Vegan Persimmon Nutella Galette
Ingredients
Crust
- 1 1/2 cup all-purpose flour
- 2 tbsp coconut sugar (or cane sugar)
- 1/4 tsp sea salt
- 1/2 cup (1 stick) cold vegan butter cut into cubes
- 4-5 tbsp ice cold water
Filling
- 5 ripe Fuyu persimmons, sliced thinly
- 2-4 tbsp coconut sugar (depends on how sweet you like it)
- 1/4-1/3 cup vegan nutella/chocolate hazelnut spread
Glaze
- 2 tbsp almond milk
- Coconut sugar (or cane sugar)
Instructions
- To make the crust, mix the flour, sugar, and salt. Add in the cubed butter and use two forks or a pastry cutter to cut the butter into the flour until it resembles sand/has a crumbly consistency. Slowly add in the ice water one tablespoon at a time and mix with a spatula or wooden spoon until dough comes together. You may not need to use all the water. I used my hands to lightly knead/squeeze the dough together after I stirred it. Flatten dough into a thick round disk and wrap with plastic wrap. Put in the freezer for 20-30 minutes or the refrigerator for 1 hour.

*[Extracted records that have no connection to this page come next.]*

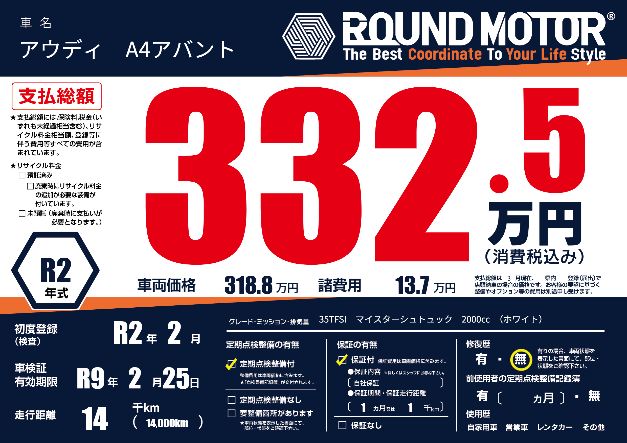 | 走行キロ | 1.4万km | 初年度登録 | R2年2月 |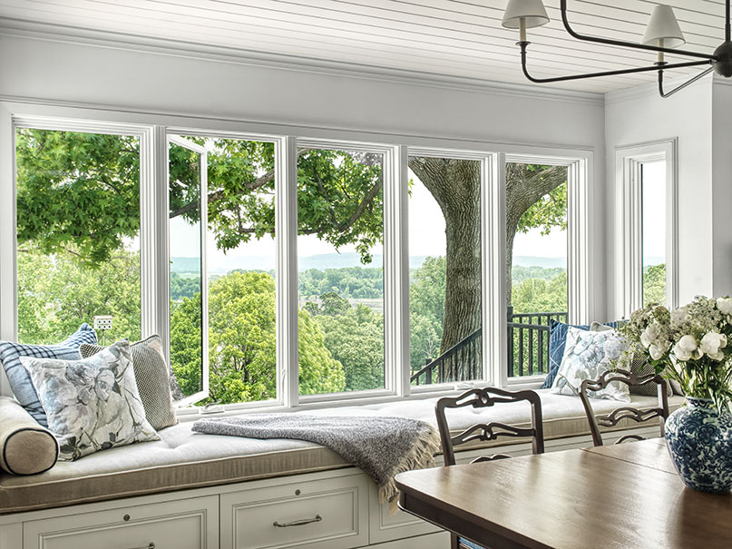 By Chelsea Design Company. This breakfast nook was a part of a large L-shaped space with three seating areas and a kitchen. We added a 12-foot window seat with a single cushion in a durable seafoam faux velvet, which sat between the main 8-foot dining table and a stunning view of rolling hills and the Mississippi River. We wanted to accentuate the view, not interrupt it, so we chose neutral and complementary materials and hung the oversized chandelier close to the ceiling. Photography by Alise O’Brien Photography.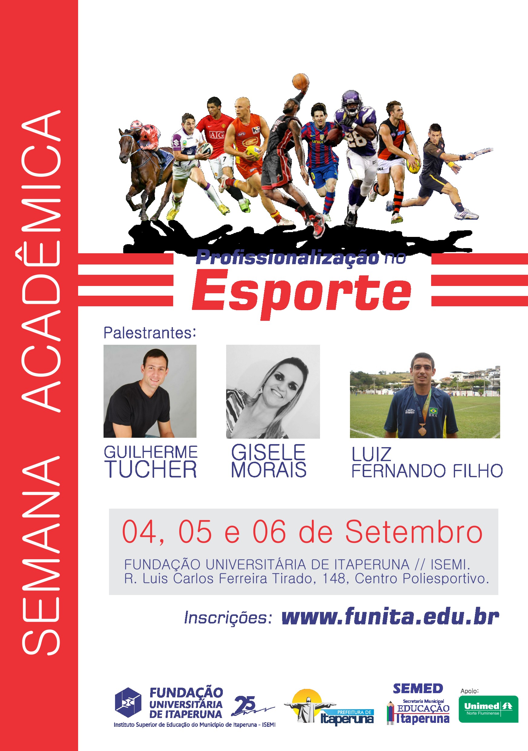 A Fundação Universitária de Itaperuna – FUNITA/Instituto Superior de Educação do Município de Itaperuna – ISEMI, promove com o apoio da Prefeitura e da Secretaria de Educação sua Semana Acadêmica, que será realizada entre os dias 04, 05 e 06 de setembro. Neste ano o tema será Profissionalização no Esporte.

- While dough is chilling, preheat the oven to 400 degrees F. In a large bowl, mix sliced persimmons and coconut sugar until evenly combined. Once dough is chilled, place dough on a large piece of parchment paper. Lightly flour both sides and roll it out into a 12 inch circle and about 1/4 inch thick. It doesn’t have to be perfect, we are going for rustic here.
- Spread nutella evenly over the dough, leaving a 1 1/2 inch margin around the circle. Then layer the persimmon slices on top of the nutella. Fold the edges of the galette over the filling and pleat all the way around. Brush the almond milk over the crust/pleated edges and sprinkle coconut sugar over the edges.
- Place the galette with parchment paper onto a large baking sheet and bake for 40-50 minutes or until edges are a nice golden brown. Let it cool for at least 30 minutes to 1 hour before slicing. Best eaten warm! Enjoy! If you eat it as leftovers, warm it up for a few seconds and it will taste just as good!